Different poses of head where \(d_R, d_L\) are illustrated with blue and red color in case of human is in the center of the field of view

Table 2 Heading direction inferred in cases where body is in front and at the left

2.4 Study of the Camera Position Constraint

As we are interested in this work to images of low resolution which means a far field of view, the camera may be:

  • Fixed at the top and far from the scene. In this case, none from the features: head, shoulders, legs and feet can’t be located using the blob representing human.

  • Fixed so as its optical axis is oblique or horizontal towards the scene. in this case, whatever the position of the camera relatively to human in the scene: in front or at the lateral position, its head-shoulders, legs and feet are viewed. Consequently, the availability of the proposed features depends only on the pose, which means that inflexion of knees or feet base lines may be missed, what is required is the presence of the head-shoulders outline.

3 Results

We applied our method on PETS data set. Firstly silhouettes are extracted and body direction is firstly computed. In the next, heading direction is estimated. We used all features extracted from head-shoulders, feet and knees outlines.

Figure 13 illustrates some poses, extracted silhouettes and computed body directions. Body direction is computed using the ratio R w having respectively the values \(2.6, 2.89, 2.25, 1.33, 1.36, 2.27, 2.09\) giving the directions: \([0^{\circ}, 15^{\circ}], [0^{\circ}, 15^{\circ}],\)

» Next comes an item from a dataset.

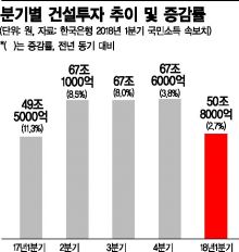 [아시아경제 김유리 기자] 국내 건설투자액 증가 추세에 '적색등'이 켜졌다. 건설투자액 자체는 늘어났지만 증가 추세는 급격히 감소하고 있다. 현재의 흐름을 고려할 때 올해 하반기에 감소세로 돌아설 가능성이 크다. 1일 한국건설산업연구원과 통계청 등에 따르면 올해 1ㆍ4분기 건설투자액은 50조8000억원으로 전년 동기 대비 2.7% 증가했다. 건설투자액 증가세는 이어지고 있다. 2015년 1분기에 전년 동기 대비 4.0% 늘어난 것을 시작으로 올해 1분기까지 12분기(3년) 연속 증가했다. 1993년 1분기부터 14분기 연속 증가한 이후 가장 오랜 기간 증가세를 이어가고 있다.문제는 건설투자액 증가율이 둔화하고 있다는 점이다. 건설투자는 지난해까지 건축업 세부 업종별 호조에 힘입어 꾸준히 증가했다. 한국은행에 따르면 지난해 건설투자액은 전년 대비 7.6% 증가한 251조1000억원을 기록했다. 토목투자가 부진했으나 주거용과 비주거용 건축투자는 양호했다. 주거용ㆍ비주거용 건축투자는 전년 대비 14.9%, 9.4% 각각 증가했다. 2013년부터 5년 연속 늘어났다. 투자 금액도 각각 92조7000억원, 91조7000억원으로 역대 최대치를 기록했다.이처럼 투자 금액이나 증가율 자체만 놓고 보면 긍정적인 결과로 해석할 수도 있다. 하지만 분기별로 자세히 들여다보면 얘기는 달라진다. 지난해 4분기부터 위험 신호는 감지되고 있다. 최근 분기별 건설투자 증가율이 대표적이다. 지난해 1분기 11.3%, 2분기 8.5%, 3분기 8.0%, 4분기 3.8%, 올해 1분기 2.7% 등 시간이 갈수록 증가율이 줄었다. 올해 1분기 증가율은 지난해 1분기의 4분의 1 수준이다.건설투자 통계의 기초가 되는 '건설기성' 증가율도 이런 흐름을 보이고 있다. 전년 동월 대비 증가율은 올해 1월 19.8% 늘었다. 하지만 2월에는 4.7% 늘어나는 데 그쳤다. 증가율 감소 추세를 고려할 때 마이너스 전환 가능성도 엿보인다. 건설기성이란 건설업체 국내공사 현장별 시공 실적을 금액으로 조사해 집계한 통계다. 조사대상 기간인 한 달 동안 시공한 공사 실적을 조사한 것이므로 해당 월에 실행한 건설투자를 의미한다.2월 기성 증가율이 급격히 둔화한 것은 민간뿐만 아니라 공공기관 위축도 심각했기 때문이다. 민간기관 기성은 1월에 28.5% 증가했지만 2월엔 9.4% 증가에 그쳤다. 공공기관 기성은 1월에 전년 동기 대비 1.5% 감소했는데 2월에도 6.9% 감소했다.전문가들은 올해 하반기 중 건설투자 증가율을 둘러싼 비관적인 전망을 내놓았다. 건설투자는 2000년 이후 정점을 기록한 다음 4~5분기가 지난 이후 마이너스 성장률을 기록하는 모습을 보였다. 이러한 추세를 고려할 때 2018년 하반기 건설투자가 감소세로 돌아설 가능성이 크다는 게 전문가들의 판단이다.박철한 건산연 부연구위원은 "하반기에는 시중 금리 상승 압력이 더욱 커지고 주택경기가 둔화하는 등 건설경기 환경이 좋지 않을 것"이라며 "정부 사회간접자본(SOC) 예산 감축 영향으로 토목투자도 지속적으로 위축할 가능성이 큰데 향후 경기 위축 속도가 더욱 빠를 수 있기 때문에 관련 위험 요인을 살펴서 대비할 필요가 있다"고 말했다.김유리 기자 yr61@asiae.co.kr<ⓒ세계를 보는 창 경제를 보는 눈, 아시아경제(www.asiae.co.kr) 무단전재 배포금지>

\([15^{\circ}, 30^{\circ}], [75^{\circ}, 90^{\circ}], [75^{\circ}, 90^{\circ}], [15^{\circ}, 30^{\circ}], [0^{\circ}, 15^{\circ}]\). As the computed body direction for the two last poses \((f), (g)\) are done using only the first feature which cannot differentiate if the body is in front or of back with regard to the camera.

Fig. 13
figure 13

Some poses and extracted silhouettes and the computed body directions based on R w values

The orientation of feet, when are located in the image, eliminates the ambiguity (in front or of back). Figure 14 illustrates some body poses which combine only features of head-shoulders and feet (knees inflexions are not visible).

Fig. 14
figure 14

Body orientation using the features: feet and R w ratio

The combination of features used for body direction depends on what can be extracted in image. The features extracted from feet and knees are more strong than those extracted from head-shoulders which just allows us to calculate the direction. Figure 15 illustrates the results obtained when inflexion of knees are used in addition of the ratio R w .

Fig. 15
figure 15

Body orientation using the features: knee inflexion and R w ratio

Fig. 16
figure 16

Step of heading direction estimation

Heading direction estimation is based on estimated body direction and the values of \(d_L, d_R\) computed using head-shoulders outline. We can see in Figure 16 the use of all presented features for estimating heading direction. Figure 17 summarizes this combination of features and shows that a good estimation is made even if the images are of low resolution.

Fig. 17
figure 17

Heading and body directions from combined features

4 Conclusion

We proposed in this paper a method for heading direction for images based on geometric features which can be extracted from silhouette even if images are of low resolution. Body direction is inferred from features extracted from outlines of knees and feet and head-shoulders. This direction is used in addition to features extracted from outlines of head-shoulders for estimating heading direction. The proposed method has been applied on real images and achieves good estimation of heading direction. Also, the features extracted are independent from camera pose, except the top view where head-shoulders, knees and feet cannot be located on human shape.